The testimony and findings of fact on the issue of timing are largely inconsistent. For example, while cross-examining Claimant's witness at the Referee hearing, Palmer, the district manager, indicated that Claimant clocked out at 4:47 p.m. on November 9, 2011. (January 24, 2012 Hearing Transcript at 21). Claimant herself admitted that "[i]t may have been quarter of [5:00] when I got the pump changed." Id. at 16. Despite those statements, which appear to indicate that Claimant clocked out immediately after completing the price change, Palmer testified and the Board found as fact that Claimant checked the price change for accuracy and reported it 21 minutes after making the change. It seems more likely that Claimant called Palmer to confirm the price change 21 minutes after being instructed to make the change, not 21 minutes after actually making the change. Despite those inconsistencies, it is nevertheless clear from the record that Claimant did not wait the required 30 minutes before double-checking the price change and reporting it to the district manager.
The Board's finding of willful misconduct based on Claimant's failure to comply with that specific requirement was supported by substantial evidence. The evidence of record demonstrates that Claimant was familiar with Employer's policy requiring managers to double-check and report price changes to a district manager 30 minutes after completing a price change. Despite being familiar with Employer's rule, Claimant admittedly did not wait the required 30 minutes. In fact, based on the testimony of Claimant and her coworker, it is questionable whether Claimant checked the prices at all after changing them. Employer's rule is in place to ensure the accuracy of price changes and prevent financial losses to Employer.
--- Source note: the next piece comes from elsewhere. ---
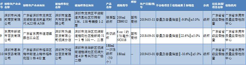 通告顯示,深圳抽檢的3批不合格樣品分別為深圳市寶盈天和百貨有限公司銷售的增厚型紙杯、為盛百貨有限公司觀瀾分店銷售的熱飲紙杯和萬福達(dá)百貨有限公司銷售的180ml一次性紙杯(50個),不合格項目均為容量及容量偏差不符合食品相關(guān)產(chǎn)品安全國家標(biāo)準(zhǔn)規(guī)定。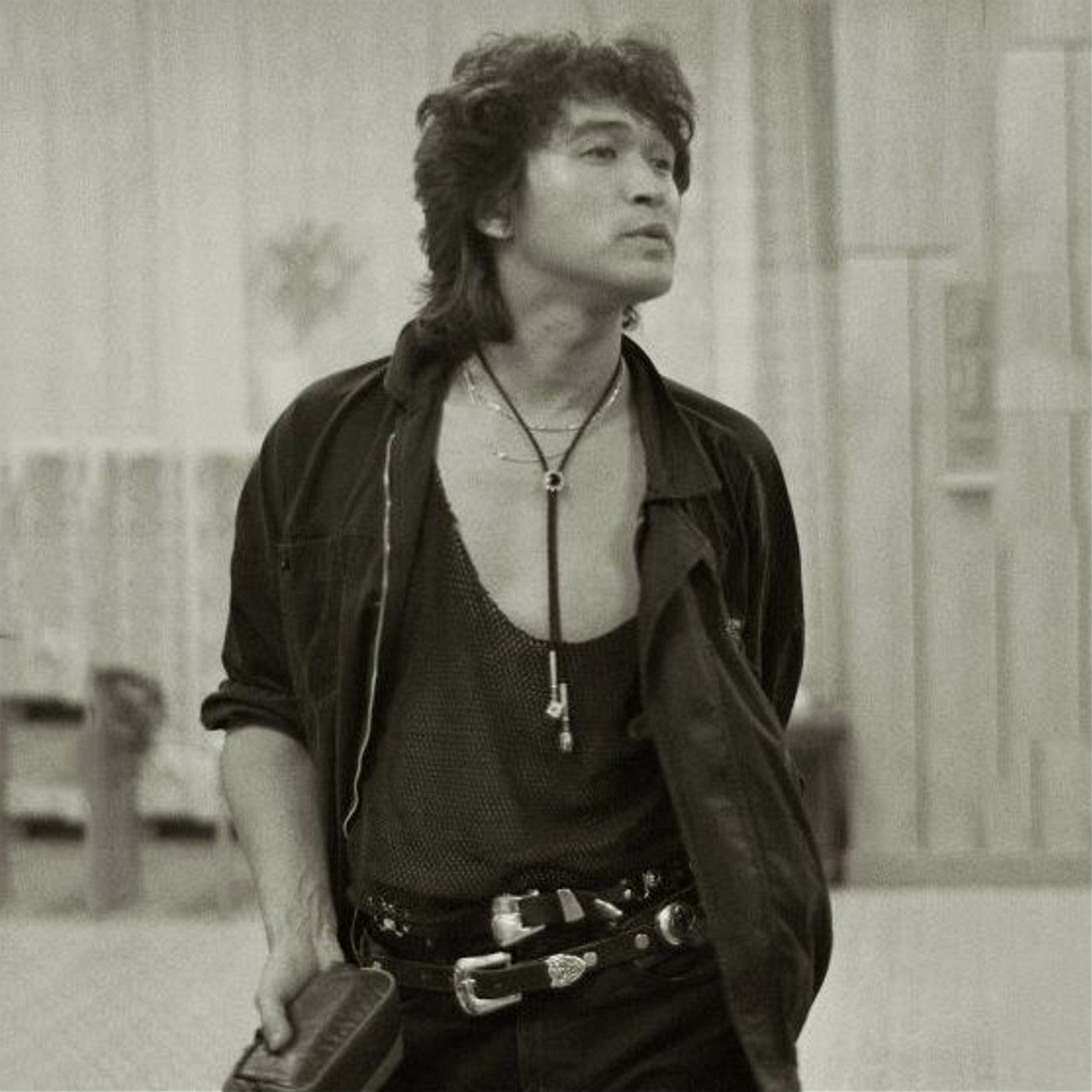 Музыкант позирует у стены.

Had Claimant complied with the rule, she likely would have discovered her error prior to clocking out for the day, and Employer would not have suffered any loss. Claimant's argument that checking and reporting the price change nine minutes earlier than required does not constitute willful misconduct is without merit. In order to meet its burden, Employer must only demonstrate that Claimant was aware of a particular work rule and deliberately or intentionally violated that rule. Employer is not obligated to demonstrate the rationale behind its rule or demonstrate that 30 minutes is the minimum amount of time required in order to ensure effective checking and reporting of price changes. Therefore, Employer met its burden of proving willful misconduct.
That is, assuming Claimant even waited 21 minutes. As discussed in the previous footnote, it appears more likely that Claimant left immediately after changing the prices, without double-checking them at all. --------
Accordingly, the order of the Board is affirmed.
/s/_________
DAN PELLEGRINI, President Judge ORDER
AND NOW, this 2nd day of November, 2012, the order of the Unemployment Compensation Board of Review, dated March 22, 2012, at No. B-532580, is affirmed.